* [MATERIAL FOR THIS EXERCISE]:
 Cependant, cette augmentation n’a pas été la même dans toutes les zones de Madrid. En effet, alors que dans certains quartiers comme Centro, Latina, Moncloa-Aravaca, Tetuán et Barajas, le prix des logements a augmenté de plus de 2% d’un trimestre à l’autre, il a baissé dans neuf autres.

...

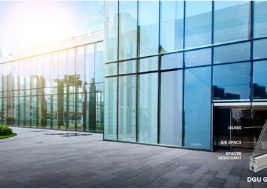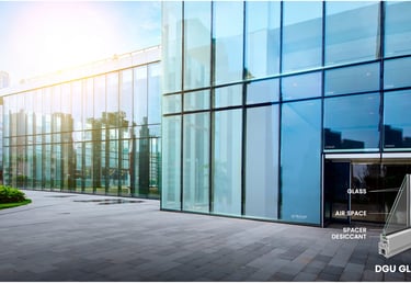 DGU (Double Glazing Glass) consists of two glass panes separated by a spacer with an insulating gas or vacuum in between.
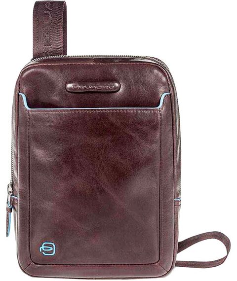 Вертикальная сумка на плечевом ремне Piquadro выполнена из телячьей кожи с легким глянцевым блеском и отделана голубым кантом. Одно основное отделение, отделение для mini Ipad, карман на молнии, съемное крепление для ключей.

* [EXERCISE]: An exact copy is needed. It runs from the line above containing "DGU (Double Glazing" down to the line containing "Вертикальная сумка на", both included, with no pictures.

* [SOLUTION TO THIS TASK]:
 DGU (Double Glazing Glass) consists of two glass panes separated by a spacer with an insulating gas or vacuum in between.
 Вертикальная сумка на плечевом ремне Piquadro выполнена из телячьей кожи с легким глянцевым блеском и отделана голубым кантом. Одно основное отделение, отделение для mini Ipad, карман на молнии, съемное крепление для ключей.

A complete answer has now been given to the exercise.